NCT number NCT01922297
Other study ID # 20090438
Secondary ID R01DA027216
Status Completed
Phase N/A
First received August 10, 2013
Last updated August 21, 2015
Start date January 2010
Est. completion date April 2015

Study information

Verified date August 2015
Source University of Miami
Contact n/a
Is FDA regulated No
Health authority United States: Institutional Review BoardUnited States: Federal Government
Study type Interventional

Clinical Trial Summary

This study will determine the clinical effectiveness, moderators and mechanisms of change, and economic impact of an integrative, family-based intervention that concurrently targets change in HIV/Sexually Transmitted Disease (STD)-associated risk behaviors, drug abuse, delinquency, arrest and mental health outcomes for juvenile offenders committed to a juvenile justice day treatment program.


Description:

Adolescents committed to three school-based day treatment programs located in Miami-Dade County will be randomized to either Day Treatment MDFT-HIV (DT-MDFT-HIV) or Day Treatment Program Services as Usual (DT-SAU). Youth in both conditions will be enrolled in day treatment, and receive the same type of juvenile justice supervision, participate in the same educational, life skills, vocational and recreational programs. They will only differ in the type of substance abuse treatment and HIV prevention services received, DT-MDFT-HIV versus substance abuse and HIV prevention services currently being provided by the day treatment programs. If participants are eligible, they will then be assessed on multiple measures at 5 time points: intake, 3, 6, 12, and 24 months following commitment to the day treatment facility. Data will be analyzed using an intent-to-treat design - adolescents and one parent are assessed at all time points and included in data analyses, regardless of the amount of treatment received.

The study has three aims:

Aim 1: Intervention Effectiveness - To experimentally compare, in a day treatment setting, the short and long-term clinical outcomes of the Experimental Intervention - MDFT-HIV Integrated intervention (DT-MDFT-HIV) for sexually active drug abusing juvenile offenders with Day Treatment Services as Usual (DT-SAU).

Hypothesis 1a. Youths assigned to DT-MDFT-HIV will show a greater decrease in HIV-associated sexual risk behaviors, laboratory-confirmed STD incidence, drug use, arrests and out of home placements, and mental health symptoms from baseline assessment through 6 months post-baseline than youths in SAU.

Hypothesis 1b.

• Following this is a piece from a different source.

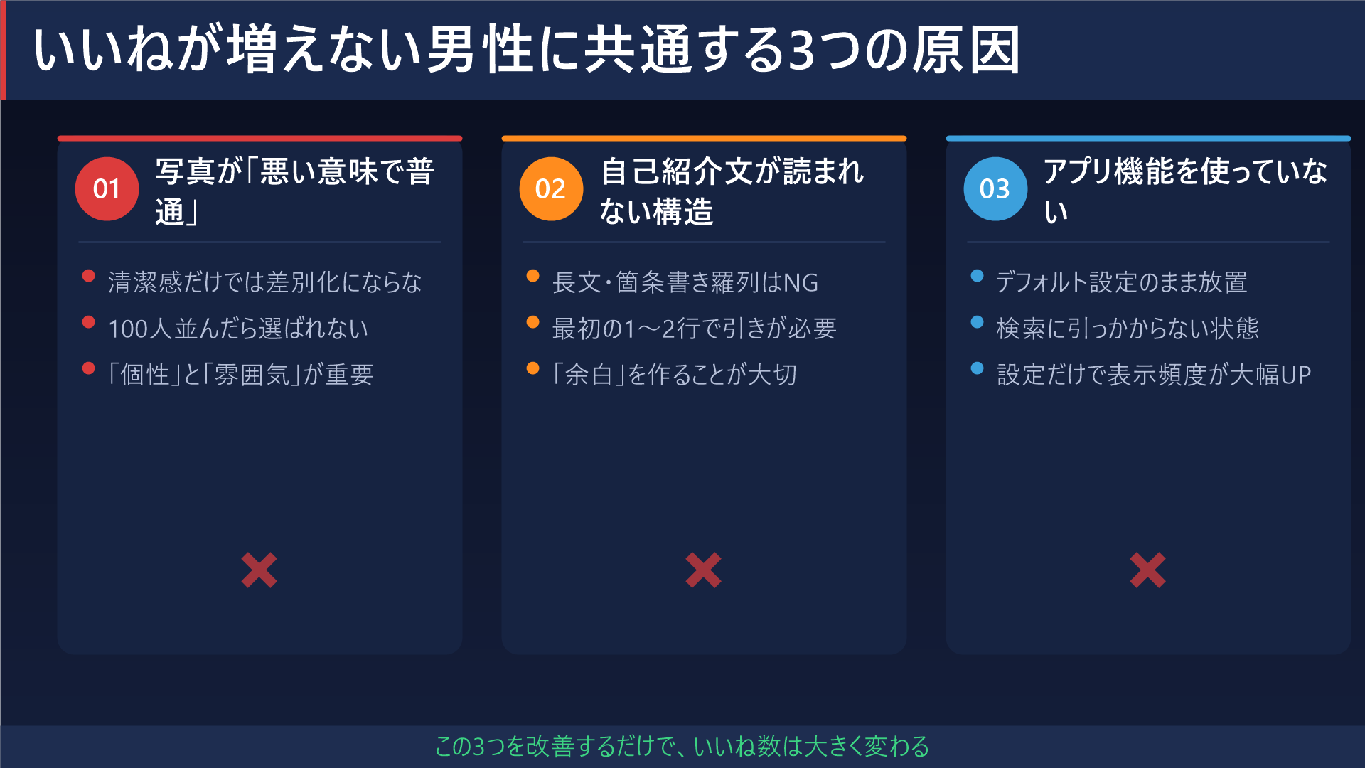 いいねが増えない男性に共通している3つの原因

Youths assigned to DT-MDFT-HIV will show a greater decrease in HIV-associated sexual risk behaviors, laboratory-confirmed STD incidence, drug use, arrests and out of home placements, and mental health symptoms from 6 months post baseline to 24 months post-baseline than youths in SAU.

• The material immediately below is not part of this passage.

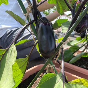 ㊗️初収穫〜🎉🎉🎉 ☔続き&仕事&子どもの学校関係でなかなか畑に行けず、昨日やっと久しぶりに畑へ(下段が畑組) なんと、ラクロ🍆立派に実ってました‼️ 赤ちゃんの実→少しずつ大きく→収穫‼️のレポしたかったのに、ごめんなさい🙇いきなり収穫でした。 他の種類のなす🍆の種まきに遅れること1ヶ月、定植の頃には成長がすっかり追いつき、一番乗りで収穫です。スプリンターが過ぎる…(他の先輩🍆は、まだ赤ちゃんがやっと…って感じです) ほぼ放任だったのに、嬉しい〜🥰 上段pic📸は、庭のプランター組。 こちらも、ぐんぐん成長中✨✨✨ みどりのまとめも更新したので、よろしかったらご覧下さい🙇

Hypothesis 1c. Youths assigned to DT-MDFT-HIV will be more likely to successfully transition out of the juvenile justice day treatment program--and return to regular school placement--than those assigned to services as usual.

Aim 2: Moderating Effects - To identify baseline client characteristics that moderate intervention outcomes.

Hypothesis 2. For youths with high baseline levels of co-morbidity, HIV-associated sexual risk behaviors, drug use and delinquency, the DT-MDFT-HIV intervention will reduce HIV-associated sexual risk behaviors and laboratory-confirmed STD incidence, drug use, and arrests and out of home placements more significantly than the DT-SAU condition. For youths with low baseline levels of HIV-associated sexual risk behaviors, drug use and delinquency, the two interventions will be comparably effective.

Aim 3: Mechanisms of Action - To identify the mechanisms through which the experimental intervention achieves its effects.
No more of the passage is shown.